(Beginning of DATA TO EXAMINE)
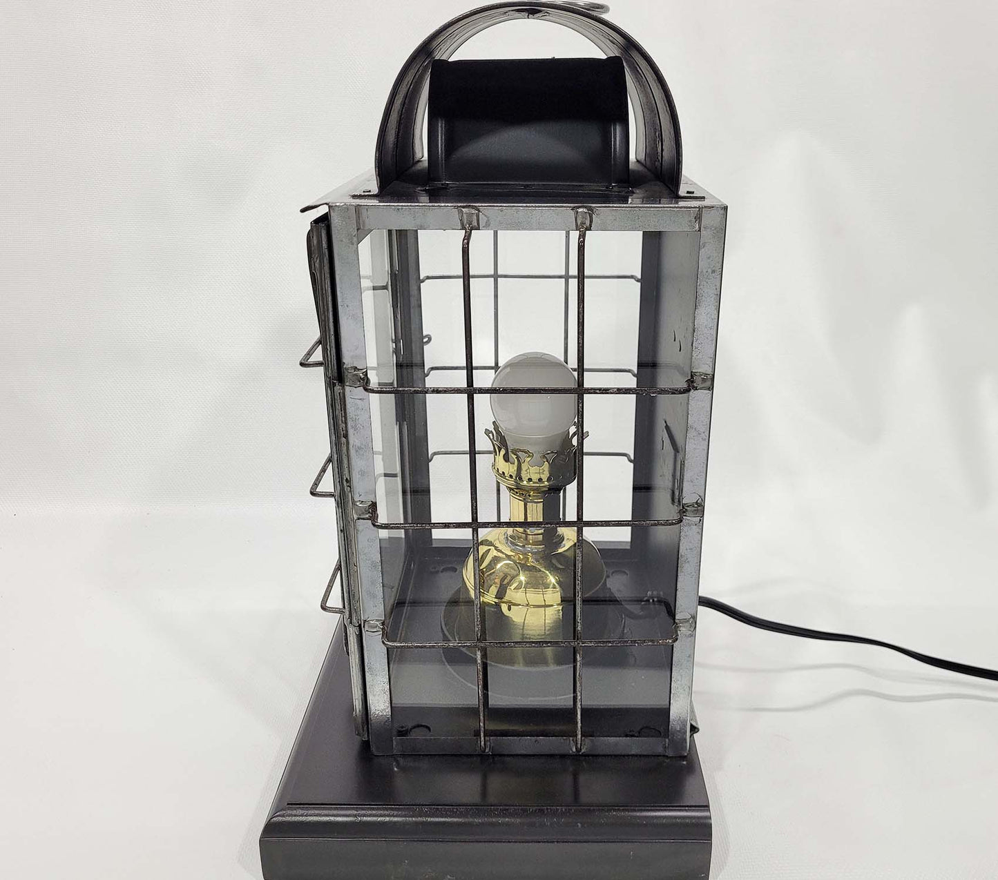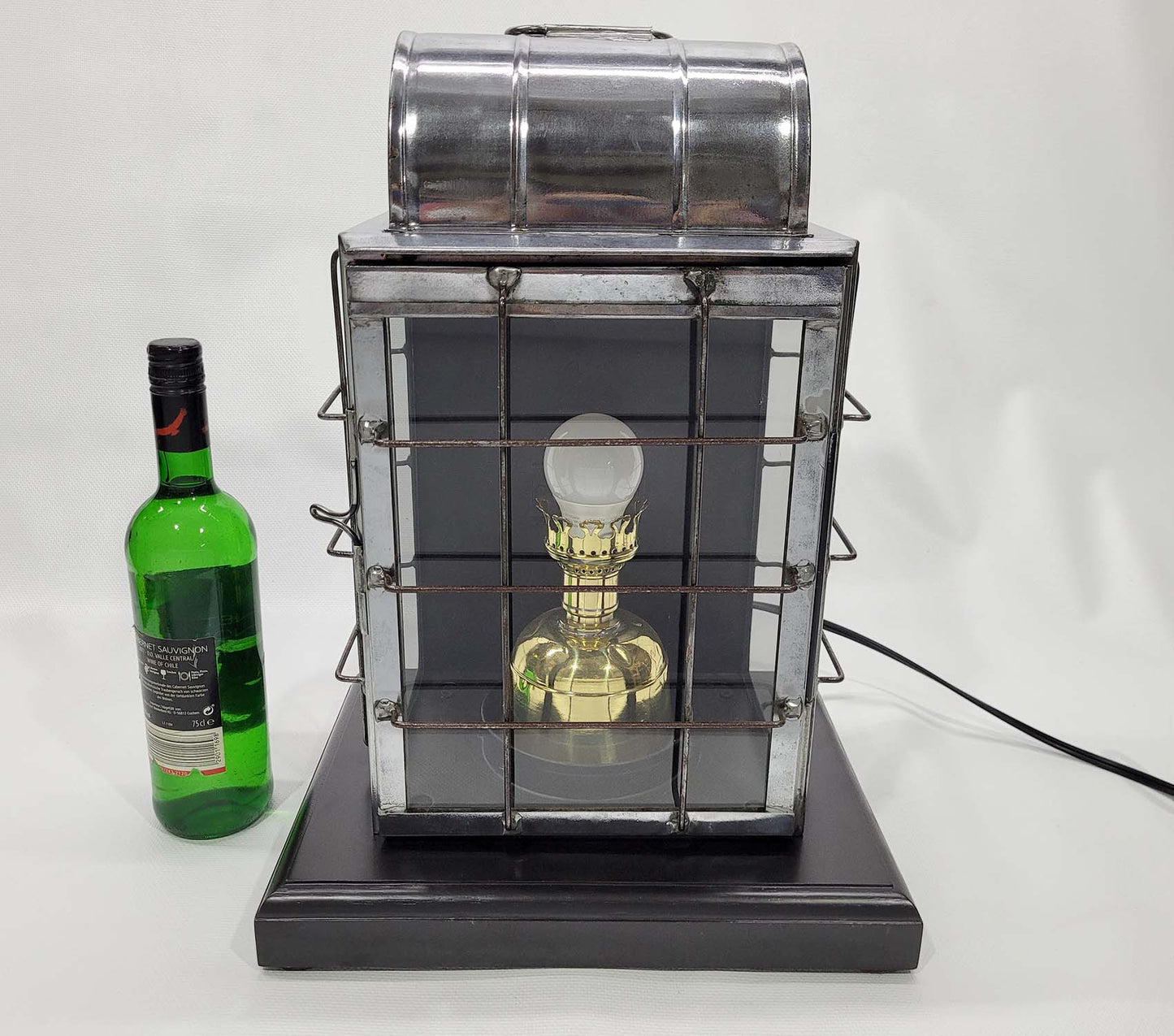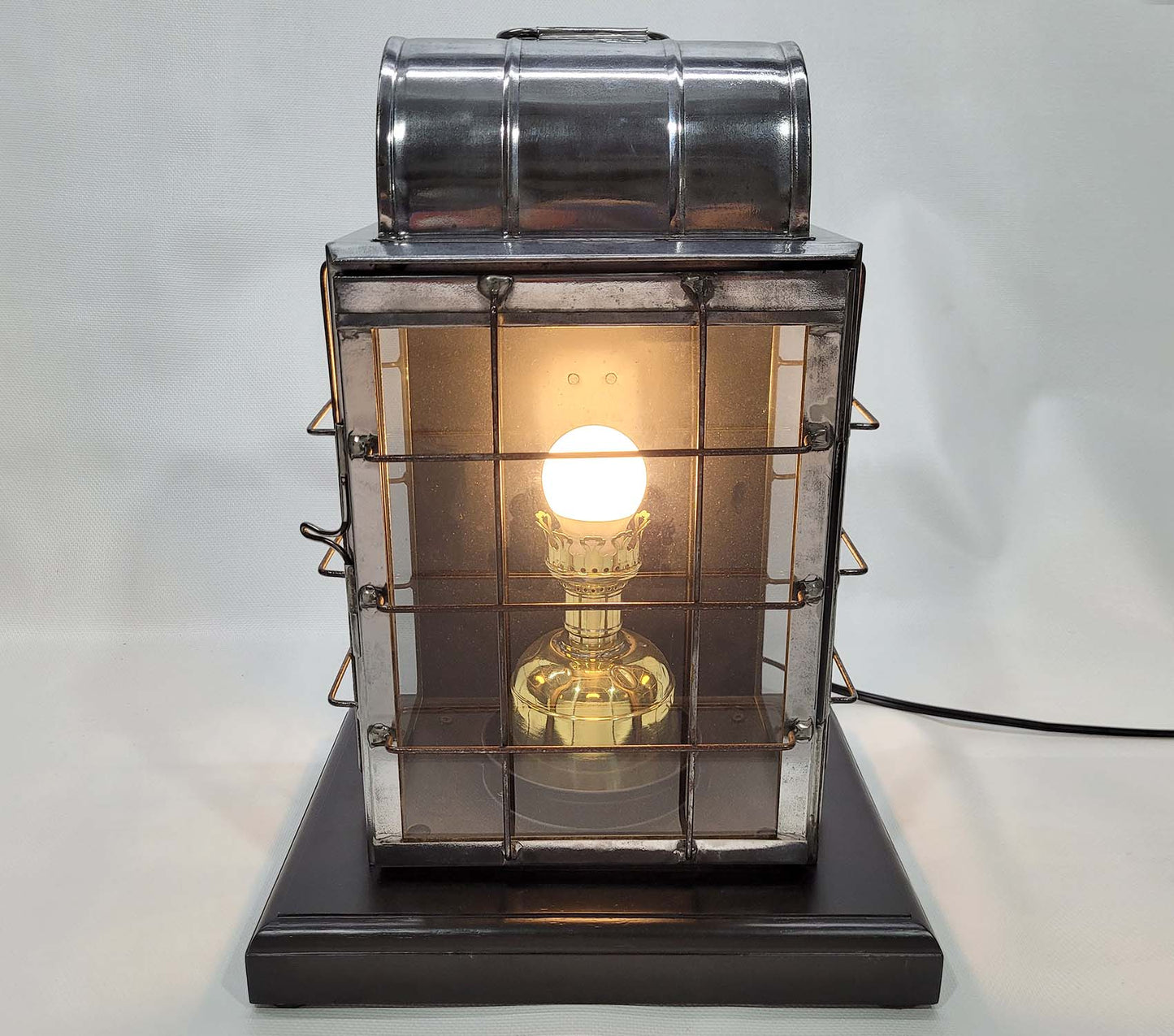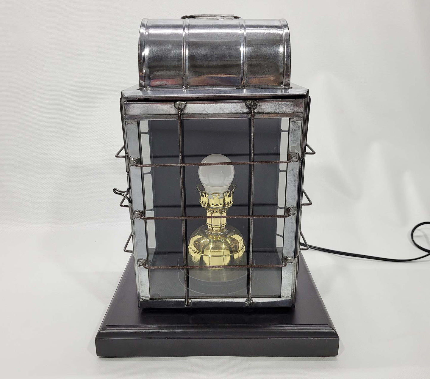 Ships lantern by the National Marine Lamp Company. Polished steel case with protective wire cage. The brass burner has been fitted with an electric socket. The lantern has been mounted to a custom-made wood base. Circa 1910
(End of DATA TO EXAMINE)
(Beginning of DATA TO EXAMINE)
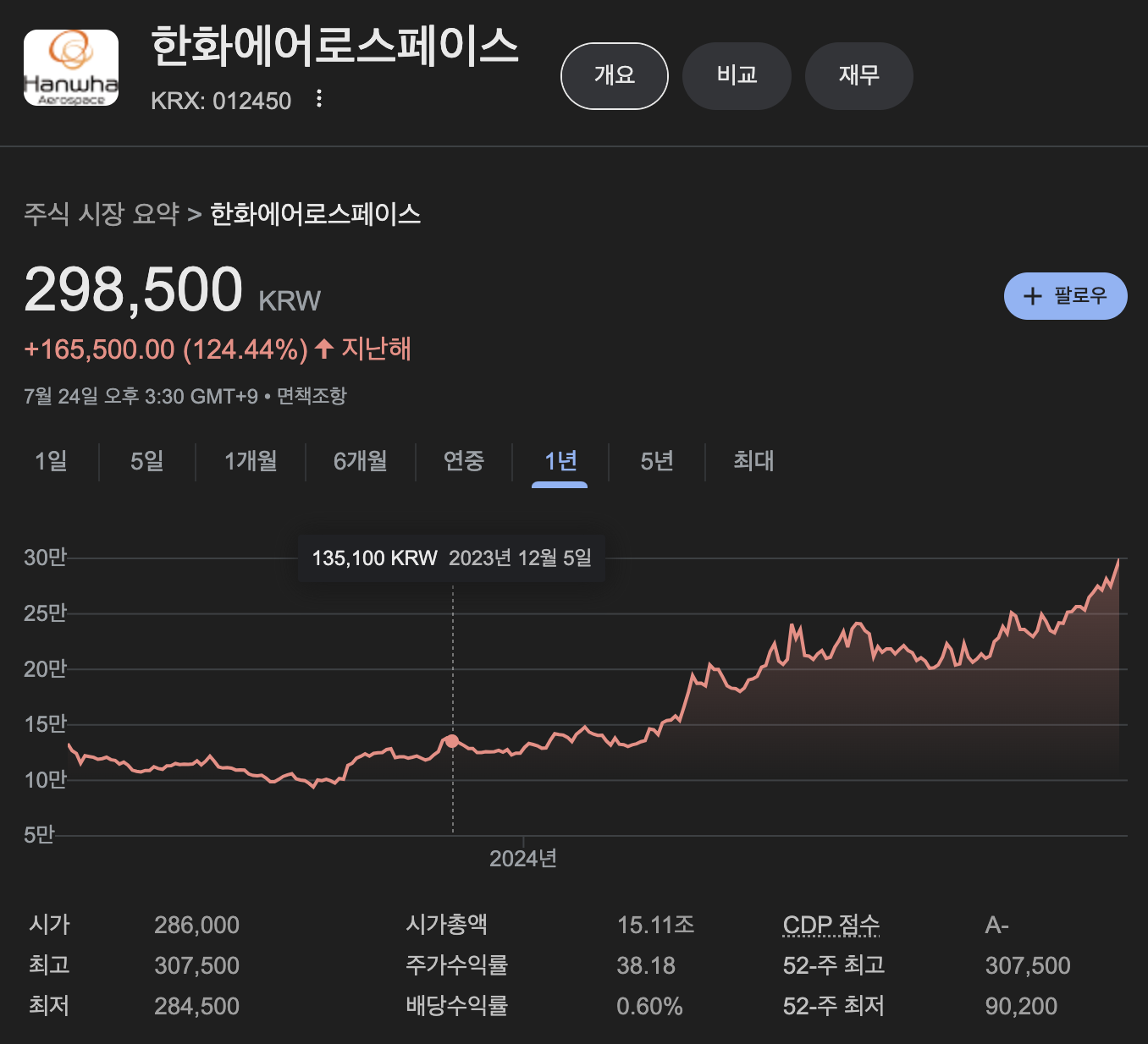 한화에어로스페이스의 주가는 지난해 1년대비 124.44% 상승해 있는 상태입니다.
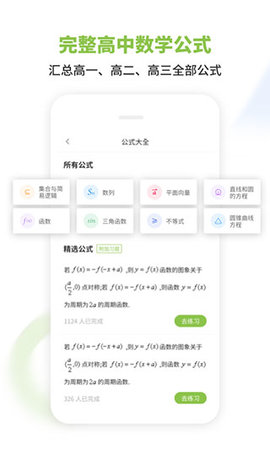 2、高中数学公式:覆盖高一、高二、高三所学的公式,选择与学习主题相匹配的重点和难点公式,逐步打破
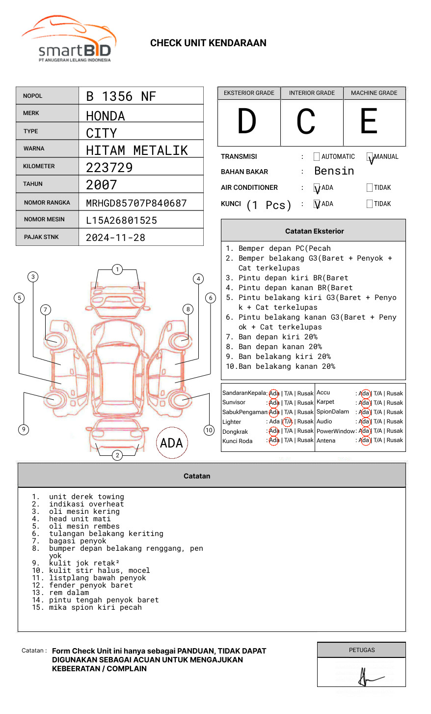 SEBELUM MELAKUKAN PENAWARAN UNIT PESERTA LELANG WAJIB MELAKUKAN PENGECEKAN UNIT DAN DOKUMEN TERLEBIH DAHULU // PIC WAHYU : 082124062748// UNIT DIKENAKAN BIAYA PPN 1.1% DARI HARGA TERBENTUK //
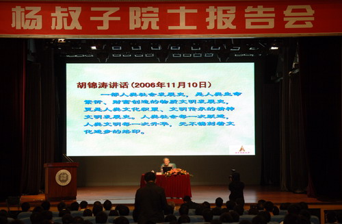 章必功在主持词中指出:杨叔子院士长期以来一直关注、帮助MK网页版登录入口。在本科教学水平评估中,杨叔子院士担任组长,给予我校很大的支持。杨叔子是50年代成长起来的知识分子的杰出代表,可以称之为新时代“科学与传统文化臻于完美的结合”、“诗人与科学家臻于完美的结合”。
(End of DATA TO EXAMINE)
Print exactly, with no pictures, the lines above from the one that holds "SEBELUM MELAKUKAN PENAWARAN" through the one that holds "章必功在主持词中指出:杨叔子", both of them included.

 SEBELUM MELAKUKAN PENAWARAN UNIT PESERTA LELANG WAJIB MELAKUKAN PENGECEKAN UNIT DAN DOKUMEN TERLEBIH DAHULU // PIC WAHYU : 082124062748// UNIT DIKENAKAN BIAYA PPN 1.1% DARI HARGA TERBENTUK //
 章必功在主持词中指出:杨叔子院士长期以来一直关注、帮助MK网页版登录入口。在本科教学水平评估中,杨叔子院士担任组长,给予我校很大的支持。杨叔子是50年代成长起来的知识分子的杰出代表,可以称之为新时代“科学与传统文化臻于完美的结合”、“诗人与科学家臻于完美的结合”。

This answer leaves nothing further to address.